Plasmid construction
A wild-type (WT) vasopressin expression vector was constructed by inserting the rat vasopressin cDNA into pRc/RSV expression vector (CLONTECH, Palo Alto, CA). Furin-processible vasopressin expression vector (AVP/Fur) was made from WT by site-directed mutagenesis technique. CAG promoter-driven expression vector (pCAGGS/AVP/Fur) was constructed by inserting the AVP/Fur cDNA into pCAGGS expression vector (kindly provided by Prof. Miyazaki, Osaka University, Osaka, Japan) (25). PC1/3 and PC2 expression vectors were made by inserting the mouse PC1/3 or PC2 cDNA (kindly provided by Dr. Mains, Johns Hopkins University, Baltimore, MD) (26) into a pRc/CMV expression vector (CLONTECH).

Cell culture and transfection
AtT20, GH₃, JEG3, COS1, L6, and LLC-PK1 cells were maintained with standard cell culture techniques. For transient expression, cells were plated in 35-mm-diameter culture dishes, and each vector was transfected using TransIT reagent (Mirus, Madison, WI). On the next day, the culture medium was changed to serum-free medium, and vasopressin secreted into the medium for 10 h was used for the subsequent analyses.
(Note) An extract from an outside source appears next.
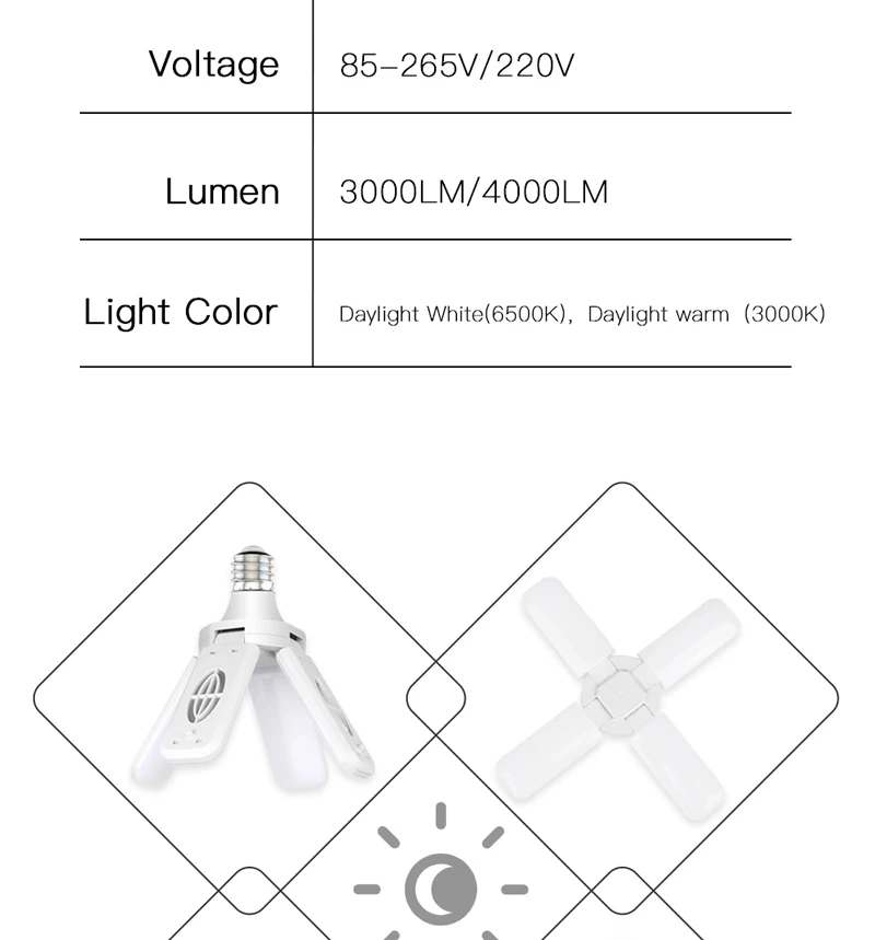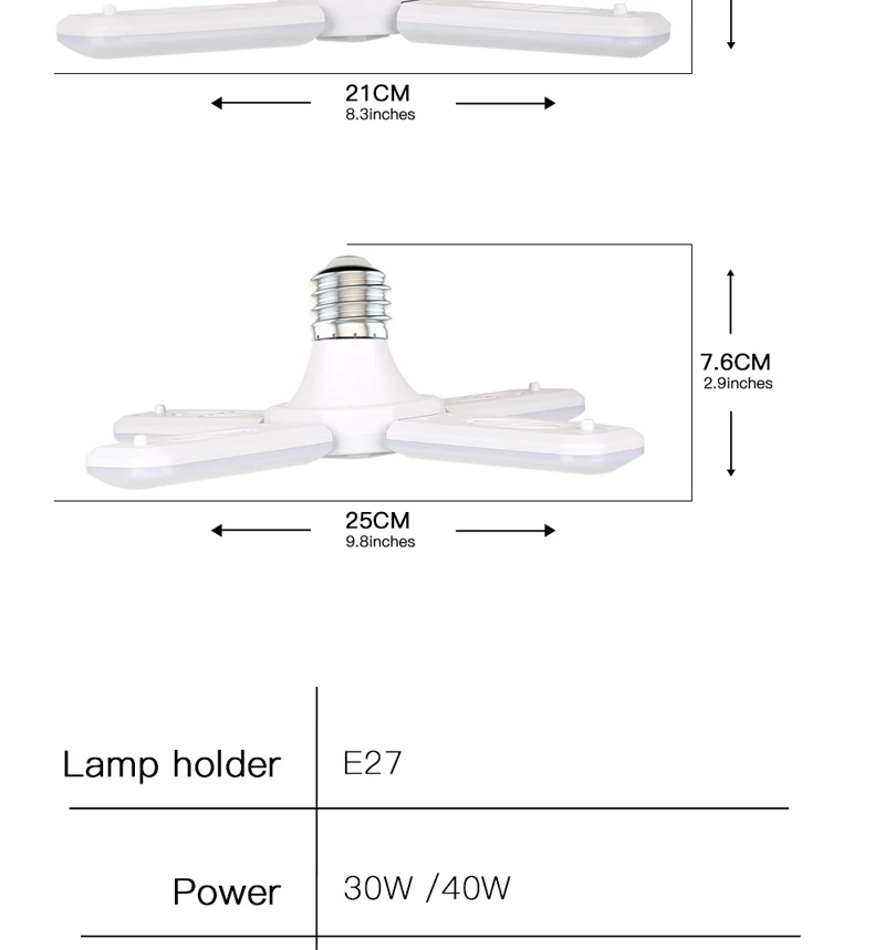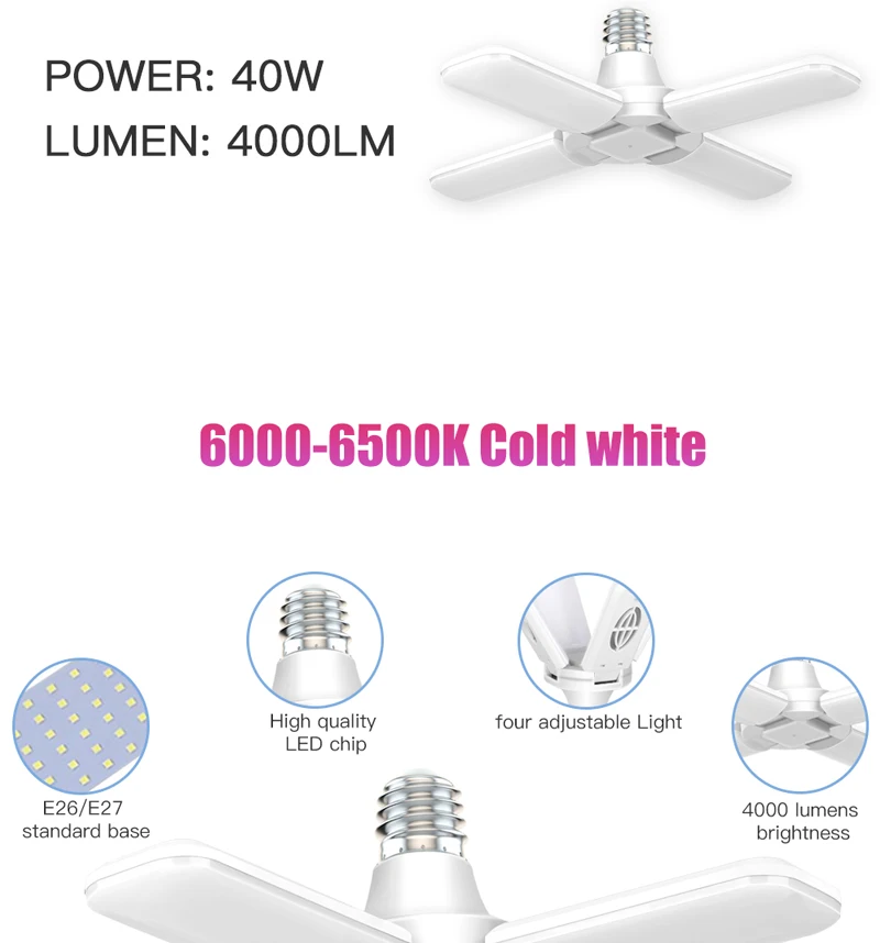 Деформируемая лампа для гаража, складной потолочный светильник для высоких промышленных помещений с 34 листьями, 30 Вт40 Вт, E26, 3000 люмен

Three separate dishes were used for each experimental condition. In most of the experiments, ß-galactosidase expression vector was used as an internal control. For stable transfection, L6 cells were transfected with pCAGGS/AVP/Fur using TransIT reagent. After selection with G418 (Geneticin, Invitrogen), clonal cell lines expressing vasopressin were selected, and the representative cell lines, designated as L6VP, were used for the subsequent experiments.

Gel filtration chromatography
Two milliliters of each culture medium from the transfected cells, or standard vasopressin (Peptide Institute, Osaka, Japan), was loaded and filtrated through a P-10 column (Bio-Rad, Hercules, CA) using a 4% acetic acid solution containing 0.1% BSA as a filtration buffer. Each fraction (8.0 ml each) was vacuum-dried, resuspended with assay buffer, and then applied for vasopressin RIA.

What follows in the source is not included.